Category: MCP Least Privilege
Confidence: 87% confidence
Finding: The skill instructs the agent to write scraped comment data and generated reports to local disk, but the metadata declares no corresponding permissions. Undeclared file I/O weakens user/admin visibility into what the skill can persist locally and increases the risk of silent data collection or unintended storage of sensitive content.

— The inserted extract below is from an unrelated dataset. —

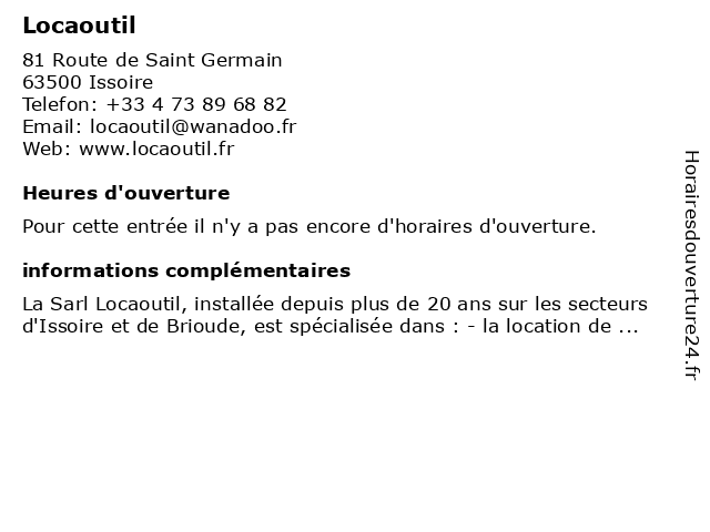 1 Locaoutil (Distance: 24,86 km) Rue des Vignauts, 43100 Cohade locaoutil

Context-Inappropriate Capability

Medium

Confidence: 82% confidence
Finding: The skill goes beyond scraping by directing creation and execution of local analysis scripts and launching local programs to open reports. Executing generated code and spawning local processes expands the attack surface: scraped or user-controlled content could be embedded into scripts or HTML reports, leading to unsafe local execution or misleading file behavior.

Missing User Warnings

Medium

Confidence: 90% confidence
Finding: The README encourages automatic bulk scraping of all notes and comments from a profile and saving the results locally, but it does not clearly warn users about the scale of collection, the sensitivity of comment data, or the fact that local files will be written automatically. This creates a meaningful transparency and consent problem: users may trigger broad collection and persistent storage without understanding the privacy, compliance, and data-handling implications.

Missing User Warnings

Medium

Confidence: 96% confidence
Finding: The README describes scraping and saving all comments from a Xiaohongshu profile to local JSON files and generating analysis reports, but it does not warn users that this collects, stores, and processes third-party data. That omission can lead users to unknowingly perform privacy-invasive collection or mishandle personal data, especially since the skill targets bulk extraction across all notes rather than a single page.

Missing User Warnings

Medium

Confidence: 91% confidence
Finding: The skill explicitly automates bulk collection of comments from all notes on a Xiaohongshu profile and stores the results locally as JSON, including usernames, comment text, timestamps, and engagement data. Even though this is framed as a scraping utility rather than overt exfiltration, it creates privacy and compliance risk because it facilitates large-scale retention of third-party user content without clear consent, minimization, retention limits, or warnings to the operator.

Vague Triggers

Medium

Confidence: 80% confidence
Finding: The trigger condition uses the vague phrase 'or similar blogger homepage links,' which can cause the skill to activate on unintended URLs. In a browser-automation scraper, overbroad triggering is risky because it may initiate login prompts, navigation, scraping, and local data storage without sufficiently precise user intent.

Missing User Warnings

Medium

Confidence: 90% confidence
Finding: The skill is designed to collect large volumes of user comments, store them locally as JSON, and generate analysis reports, but it does not provide a clear privacy warning or data-handling disclosure. Even if the comments are publicly visible, bulk aggregation, local retention, and analysis materially increase privacy and compliance risk.

Missing User Warnings

Medium

Confidence: 87% confidence
Finding: The script writes all scraped comment data directly to a local JSON file, likely including usernames, comment text, and other potentially sensitive personal data, without any user warning, minimization, or retention controls. In the context of a bulk scraper targeting all comments from a creator's notes, this increases privacy and compliance risk because large amounts of third-party data are persistently stored on disk by default.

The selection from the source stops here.